‘Wie durft er mee op het eerste huisbezoek?’, vraag ik de stagiaires. Ze zijn in opleiding voor hulpverlener. Voor hen is het project een periode om te snuffelen aan het welzijnswerk. Voor de huisbezoeken worden ze steeds gekoppeld aan een vrijwilliger die goed bekend is in de flat. Door dit vertrouwde gezicht komt de stagiair makkelijker binnen. Bewoners staan nogal eens wantrouwend tegenover vreemden op de stoep. Wanneer we uitleggen dat we geen controleur zijn van de gemeente of kwaad in de zin hebben, gaat de bewoner opzij. Een stagiair stapt schoorvoetend naar binnen. De vrijwilliger volgt. ‘Als jij er niet bij was geweest, had ik nooit opengedaan hoor!’ hoor ik bij het sluiten van de deur.

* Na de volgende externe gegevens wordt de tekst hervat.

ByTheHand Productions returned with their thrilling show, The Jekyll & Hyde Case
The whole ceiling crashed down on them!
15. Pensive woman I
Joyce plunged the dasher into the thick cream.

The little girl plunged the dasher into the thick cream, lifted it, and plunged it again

Hoe was dat gezegde op oma’s tegeltje vroeger? ‘Eigen gaat voor vreemd’. Het klopt nog steeds. Wie bijvoorbeeld al op nr. 202 op de koffie kwam, wordt eerder vertrouwd tijdens een interview dan ik als projectleider die meedraait in de uitvoering. Maar toch, de stagiaires hebben nooit eerder individuele contacten gehad. Die oefenen nu. Voor mij moet het geen probleem zijn. Ik laat een stagiaire verderop aanbellen. Warempel, als vreemden komen we ook binnen! Verheugd denk ik aan de attentie in mijn tas. Dit oud-Hollandse tegeltje draagt de tekst ‘Een knik en een groet doen onze Noorderstraat goed’. Bewoners krijgen het als dank voor hun deelname.

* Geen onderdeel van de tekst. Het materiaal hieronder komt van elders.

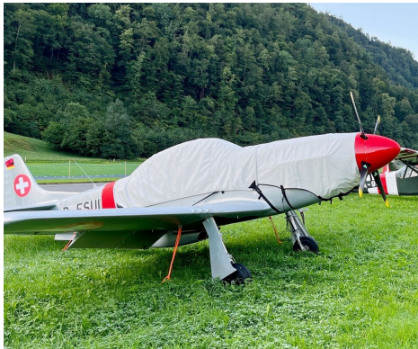
Stewart S-51 Canopy & Engine Covers

Covers developed this material combination especially for aircraft protection. The outer material is medium weight and treated for water resistance, UV resistance and anti-static buildup. The inner lining is a very soft and smooth microfiber to prevent scratching. The material is very reflective, and tests show that the cabin interior temperature can be reduced to near-ambient temperature on the hottest of days. It is water, ice and snow repellent, yet breathable to allow moisture to escape from between the cover and the aircraft surface.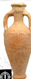
CORINTHIAN WINE JAR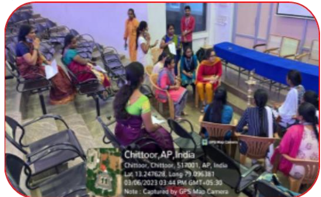
"STHREE- AN UN ENDING STRUGGLE" (07-03-2023)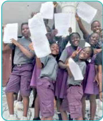
Exam Fees for Students from Blind Community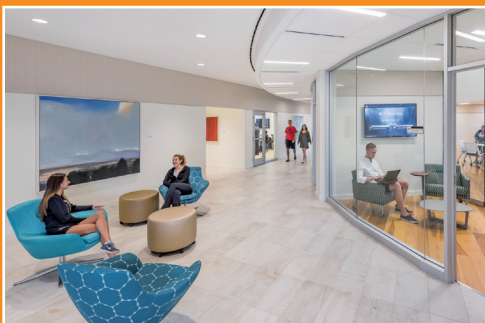
Bryant University-Academic Innovation Center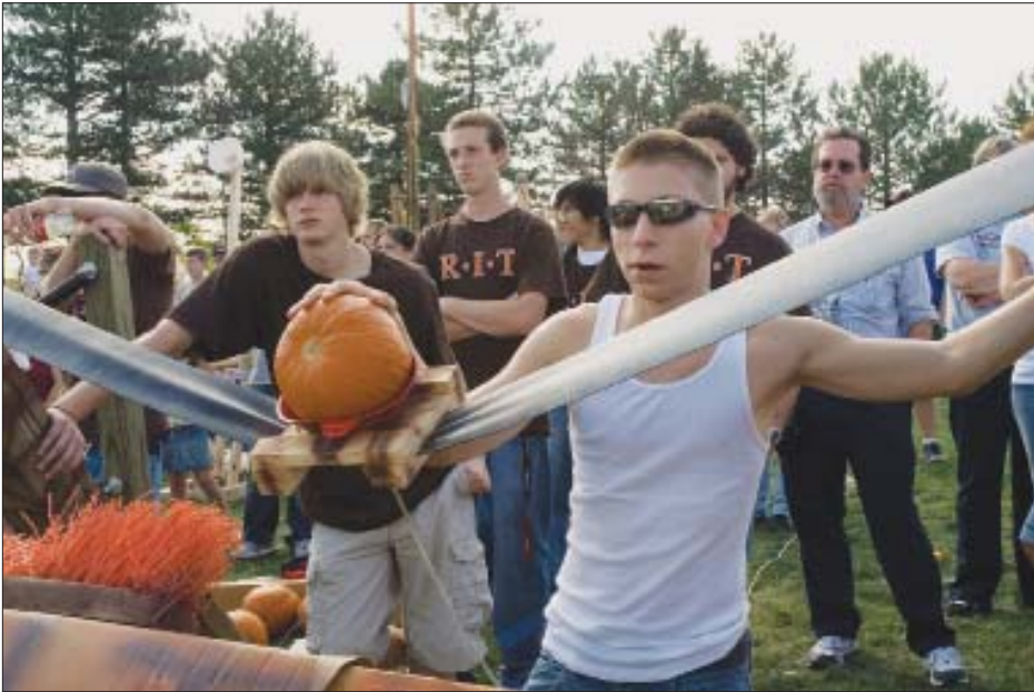
Mechanical engineering technology students competed in a pumpkin-tossing event using a wide variety of devices built to propel the gourds.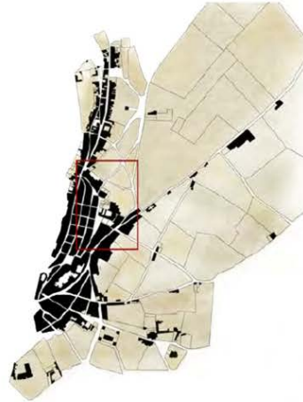
1850-1900: Dismissal of the city walls and urban development along the main roads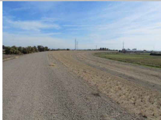
This photo was taken from the crown facing east looking down the landward levee slope at acceptable vegetation maintenance. Fall 2014.

LS : Land Side N/A : Not Applicable WS : Water Side CR : Crown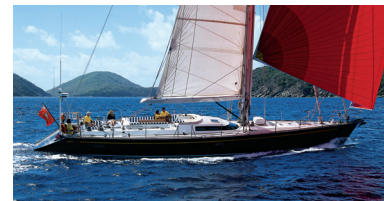
CNB 70 - EXCALIBUR - PHILIPPE BRIAND - 1998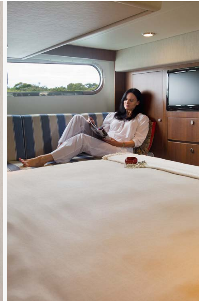
ABOVE - Shown in Satin Teak timber finish. RIGHT - Shown in Satin Walnut timber finish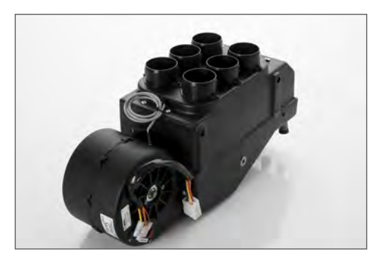
HVAC Kartel - AC 4.5 kW - H 6.1 kW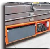
Removeable Battery Cover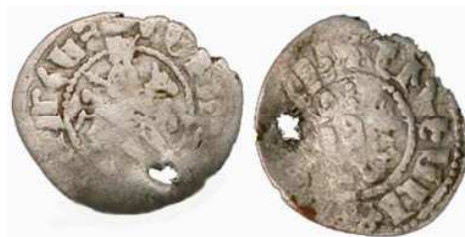
CILICIAN ARMENIA LEVON IV – 1320-1342

...ՆԵԱԼ Ի ՔԱՂ... “Struck in the city of Sis”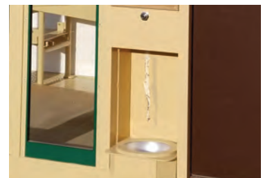
BOWSER BOWL® PET FOUNTAIN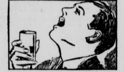
2. Gargle Thoroughly—throw your head way back, allowing a little to trickle down your throat. Do this twice. Do not rinse mouth.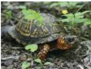
EASTERN BOX TURTLE

William T. Gangemi of Freheold, was accused of violating a federal law against the sale or purchase of illegally collected wildlife with a market value of over $350. Gangemi was part of a syndicate of wildlife smugglers involved in the purchase & transport of 3-toed & western box turtles from Oklahoma to NJ. Gangemi pleaded guilty & will be sentenced Jan. 27, 2020. Records show Gangemi was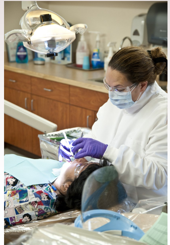
Salud dental employee providing care for a patient.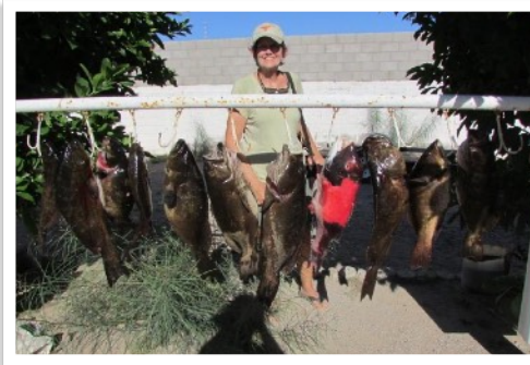
Baya or Baja grouper and Leopard Grouper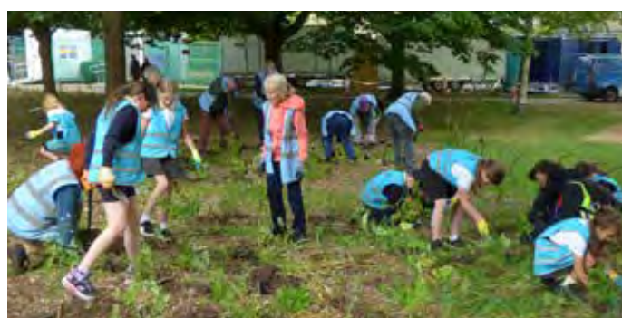
Tollgate School planting in Abbey Gardens May 2025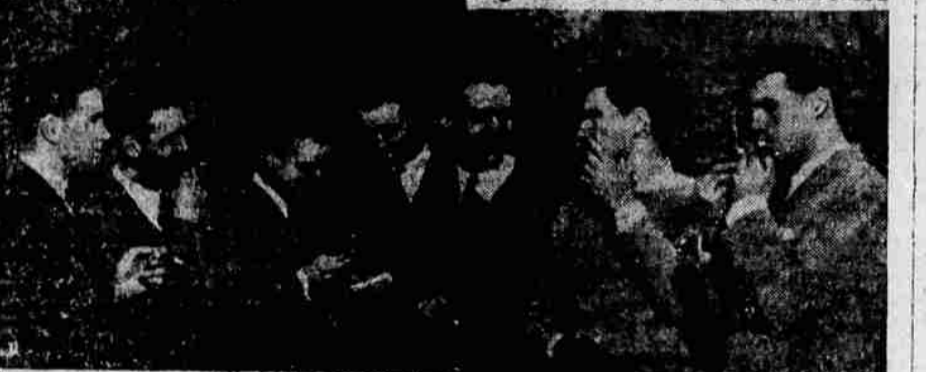
THE WILLIAMS RECORD, TUESDAY, MARCH 26, 1929

But look what happened when a third of the student body compared the four leading cigarettes with names concealed

Zwijgend wijst de oude dame ons een plek. De huiskamer ademt een Engelse stijl uit met donkergroene leren bank en jachttaferelen aan de muur. De thee krijgen we in tere porseleinen kopjes met verzilverd lepeltje. Ik wil een compliment maken maar hoor ineens: ‘Nou, voor de draad ermee want met dat interview zijn we zo klaar. Ik heb er geen goed woord voor over.’ De stagiaire en ik voelen allebei dat we dit gesprek laagdrempelig moeten houden. Vooral niet bemoeizuchtig overkomen. Het gerucht in de flat gaat namelijk dat de huisbezoekers speciaal komen voor bewoners met een eenzaam of problematisch leven. Het project is echter voor iedereen. Dus laten we in dit huis goed beginnen.
Aan de muur hangt een tegeltje. ‘Van het concert des levens krijgt niemand een program’. Ik vraag hoe lang mevrouw hier woont. Haar lip trilt. Dan volgt een stortvloed aan herinneringen over moeilijkheden uit het verleden. Een uur lang vertelt ze. We sturen het gesprek bij waar mogelijk. Uiteindelijk zegt ze: ‘Jeetje, wat heb ik lang gepraat. Ik hoop niet dat u me zielig vind.’ We beloven nog eens terug te komen als ze dat wil. Met een lach neemt ze het tegeltje aan. Ze belooft rond te vertellen hoe prettig de huisbezoeken zijn.
Het project is een pilot. We wisten vooraf dat we moesten ontdekken wat het verloop zou zijn. Volgens ons tegeltje begint het buurtgevoel bij een knik en een groet. Wat daarna komt, is misschien meer buurtgezelligheid. Maar ook individuele aandacht voor deze mevrouw. Ze wilde geen doorverwijzing. Ze kende ons nu.
Kaarina Schoonheim (1983) studeerde filosofie en zorgethiek. Ze werkt voor twee welzijnsorganisaties in Brabant. Haar baan beslaat de leiding van een leefbaarheidsproject en coördinatie van een mantelzorg- en vrijwillige thuishulpcentrale.